(Stored items from a collection)
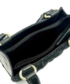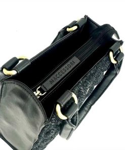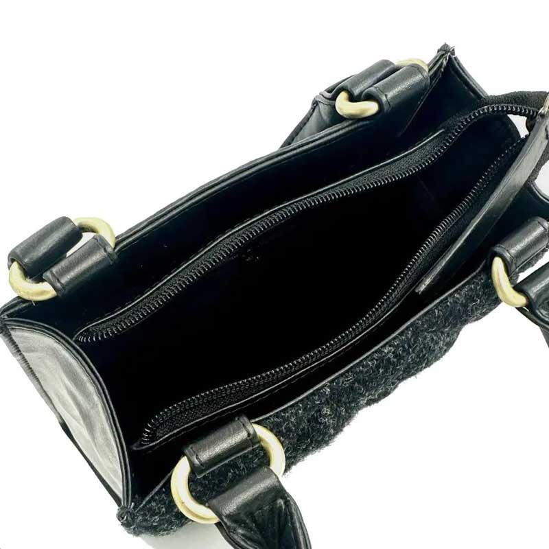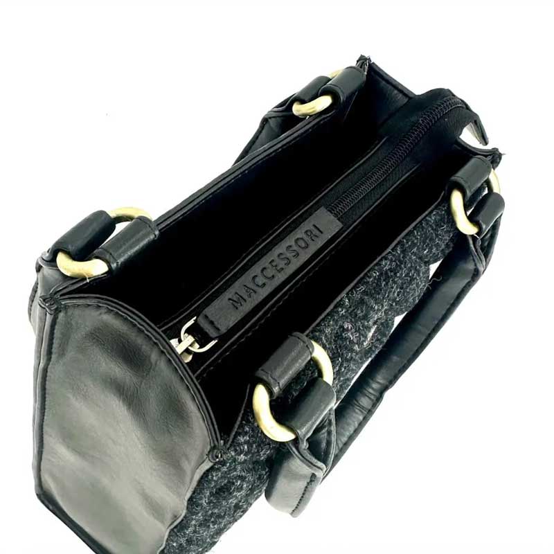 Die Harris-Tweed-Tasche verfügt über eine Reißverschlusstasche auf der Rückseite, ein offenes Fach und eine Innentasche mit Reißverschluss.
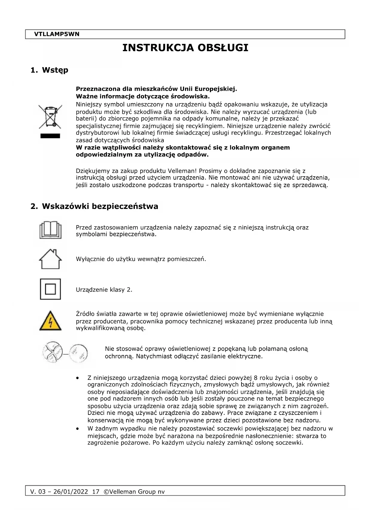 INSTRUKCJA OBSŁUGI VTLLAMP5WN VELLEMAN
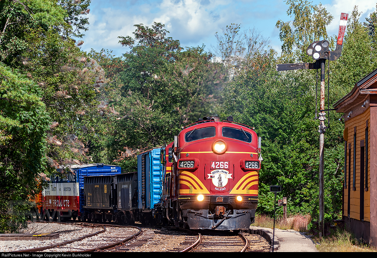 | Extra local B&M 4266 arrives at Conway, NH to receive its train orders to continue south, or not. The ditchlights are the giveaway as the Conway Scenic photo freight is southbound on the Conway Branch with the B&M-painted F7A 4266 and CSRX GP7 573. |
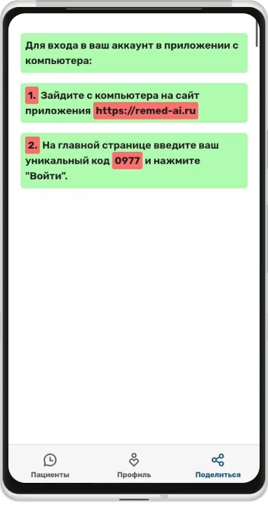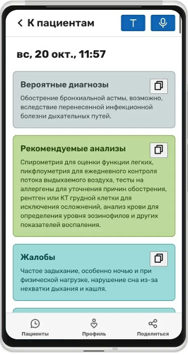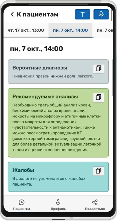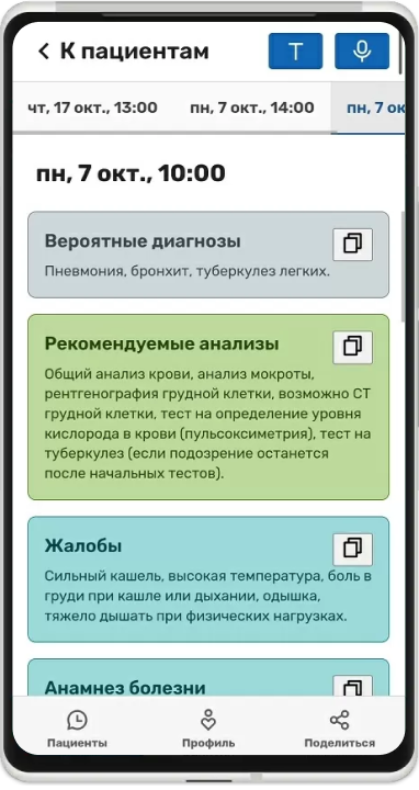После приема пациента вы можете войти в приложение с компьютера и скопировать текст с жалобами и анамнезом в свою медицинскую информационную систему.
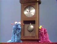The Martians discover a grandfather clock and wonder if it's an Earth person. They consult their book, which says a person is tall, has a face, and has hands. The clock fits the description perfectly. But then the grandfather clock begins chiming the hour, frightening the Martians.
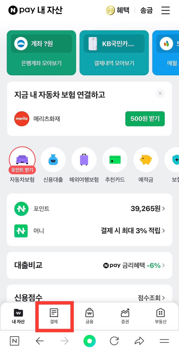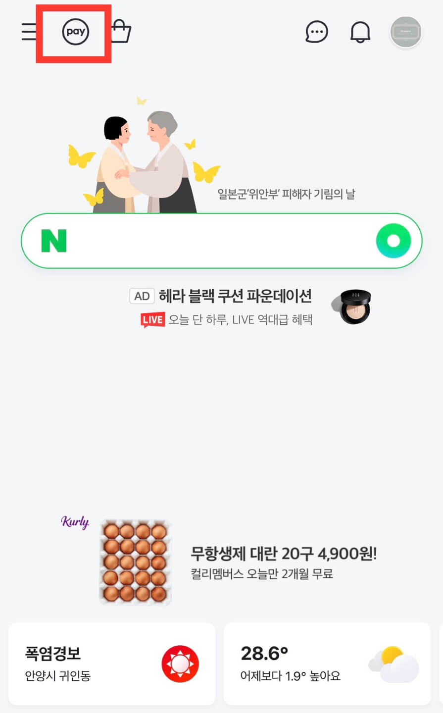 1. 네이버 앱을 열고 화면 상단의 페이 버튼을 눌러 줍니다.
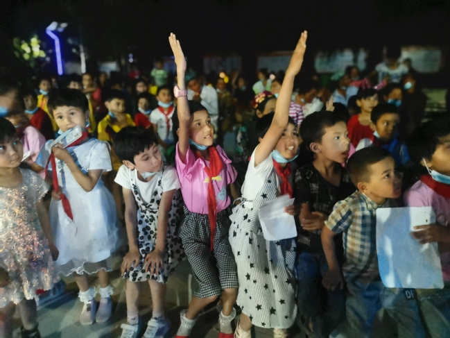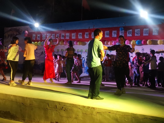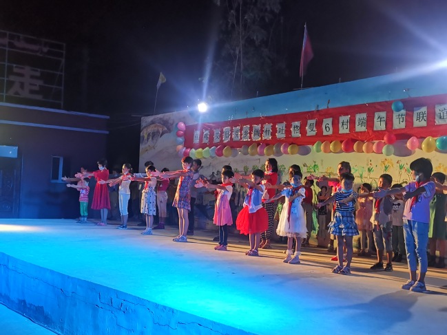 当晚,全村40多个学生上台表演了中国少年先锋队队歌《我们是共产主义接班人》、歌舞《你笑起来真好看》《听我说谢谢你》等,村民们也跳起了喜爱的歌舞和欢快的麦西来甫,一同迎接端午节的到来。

- [Your goal]: Without changing a word, retype every entry above, but drop its pictures.

- [Exercise output]:
 Die Harris-Tweed-Tasche verfügt über eine Reißverschlusstasche auf der Rückseite, ein offenes Fach und eine Innentasche mit Reißverschluss.
 INSTRUKCJA OBSŁUGI VTLLAMP5WN VELLEMAN
 | Extra local B&M 4266 arrives at Conway, NH to receive its train orders to continue south, or not. The ditchlights are the giveaway as the Conway Scenic photo freight is southbound on the Conway Branch with the B&M-painted F7A 4266 and CSRX GP7 573. |
После приема пациента вы можете войти в приложение с компьютера и скопировать текст с жалобами и анамнезом в свою медицинскую информационную систему.
The Martians discover a grandfather clock and wonder if it's an Earth person. They consult their book, which says a person is tall, has a face, and has hands. The clock fits the description perfectly. But then the grandfather clock begins chiming the hour, frightening the Martians.
 1. 네이버 앱을 열고 화면 상단의 페이 버튼을 눌러 줍니다.
 当晚,全村40多个学生上台表演了中国少年先锋队队歌《我们是共产主义接班人》、歌舞《你笑起来真好看》《听我说谢谢你》等,村民们也跳起了喜爱的歌舞和欢快的麦西来甫,一同迎接端午节的到来。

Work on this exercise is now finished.